American fashion designer (born 1945)

Kay Unger is an American fashion designer. Until July 2012, she was the creative head and public face of Phoebe Company LLC and its brands.

== Biography ==

Unger was born in Chicago, IL and first studied painting in the Fine Arts Program at the Sam Fox School of Design & Visual Arts at Washington University in St. Louis before switching to design at Parsons The New School for Design in New York City.

Upon graduation from Parsons in the late 1960s, she worked as one of three apprentices for Geoffrey Beene. After a year, she decided to develop her own line, and, in 1972, along with her two business partners, Howard Bloom and Jon Levy, founded The Gillian Group to produce dinner dresses. The dresses were sold under the Gillian label, and the group and its many divisions quickly became one of the largest suppliers of women's apparel in America, growing to a $125 million company.

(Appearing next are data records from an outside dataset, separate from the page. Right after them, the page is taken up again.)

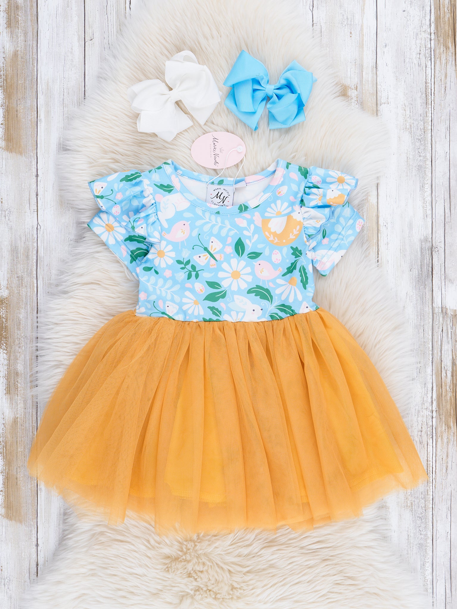 A special sister set for your beautiful girls! This dress features daisies, bunnies, flutter trim, & a fully lined tulle dress skirt.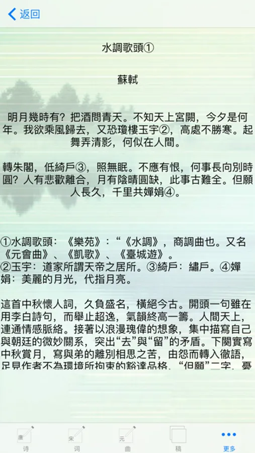 一個集詩詞賞析、學習和創作於一體的應用。開發者努力镕詩詞曲賦方方面面林林總總的知識和功能於一爐。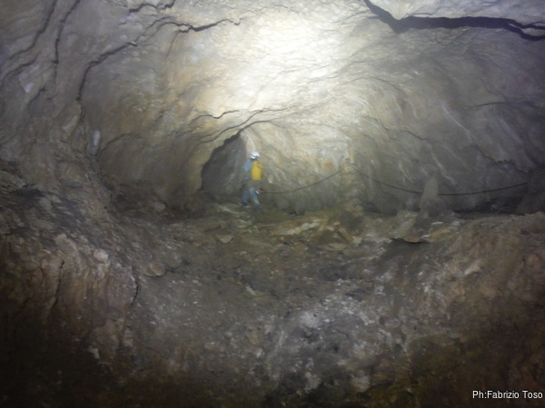 Sgranocchio anche io qualche pezzo di cioccolata. Finito il frugale pasto, riprendiamo il cammino. C’e’ ancora un tratto di galleria per arrivare al Baratro.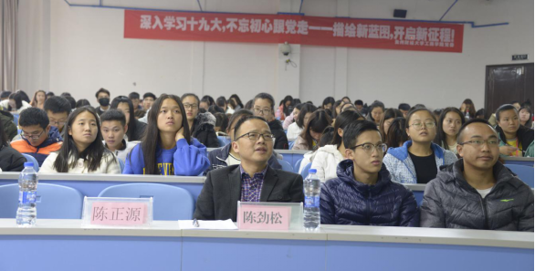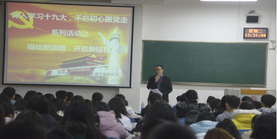 为进一步深入学习贯彻党的十九大精神,2017年11月28日,工商公司“深入学习十九大,不忘初心跟党走”系列主题活动之一的“描绘新蓝图,开启新征程”学习活动在进学楼1-1教室举行。活动由工商公司党委副书记陈劲松主持、公司近两百名师生党员参加。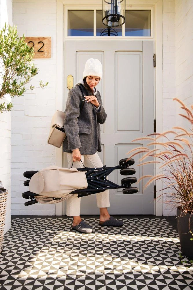 Díky snadnému a rychlému skládání kočárku MoMi AKIRA jej snadno uložíte do auta. Kromě toho je kočárek vybaven držadlem pro přenášení složeného kočárku.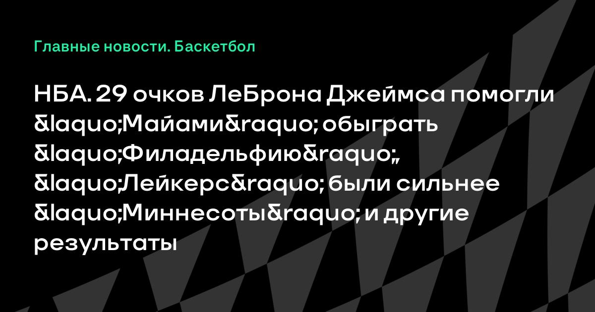 НБА. 29 очков ЛеБрона Джеймса помогли «Майами» обыграть «Филадельфию», «Лейкерс» были сильнее «Миннесоты» и другие результаты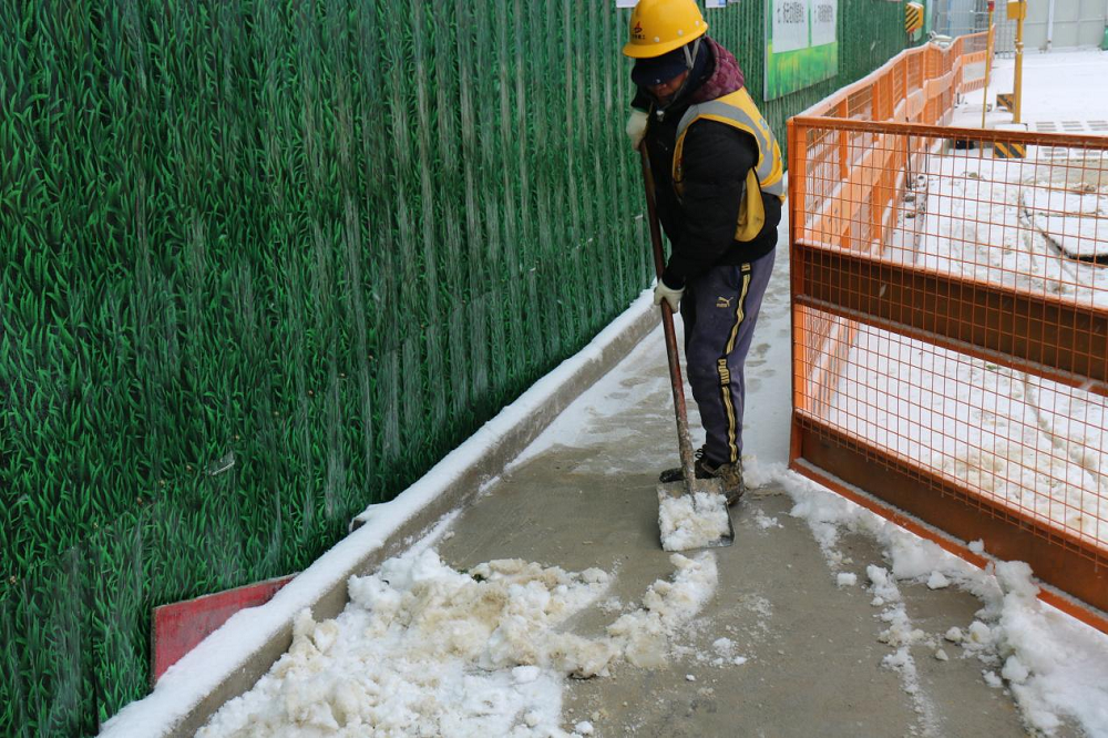 再次面对寒潮,商机厂租赁住房项目第一时间组织人员清理办公区、生活区、施工现场道路的积雪,铺设防滑草袋,确保恶劣天气条件下项目各工作安全有序推进。

== Company/Brand History ==

Fifteen days after closing the Gillian Group, Unger founded Phoebe Company LLC., where she established the line bearing her name, Kay Unger New York.

In 1999, she was inducted as a Leading Woman Entrepreneur of the World. In 2005, the company launched Kay J's, a whimsical print pajama brand. In 2007, they launched Phoebe Couture, a more youthful and edgier line of dresses for day and evening. Later that same year, they began opening Kay Unger and Phoebe Couture boutiques in China through a licensing agreement with the JT Group of Hong Kong. In September 2008 Kay Unger New York Eyewear and Phoebe Couture Eyewear were launched.

The $40 million company's dresses, suits, and eyewear are currently sold in more than 24 countries including the U.K., Turkey, Brazil, Australia, and Spain.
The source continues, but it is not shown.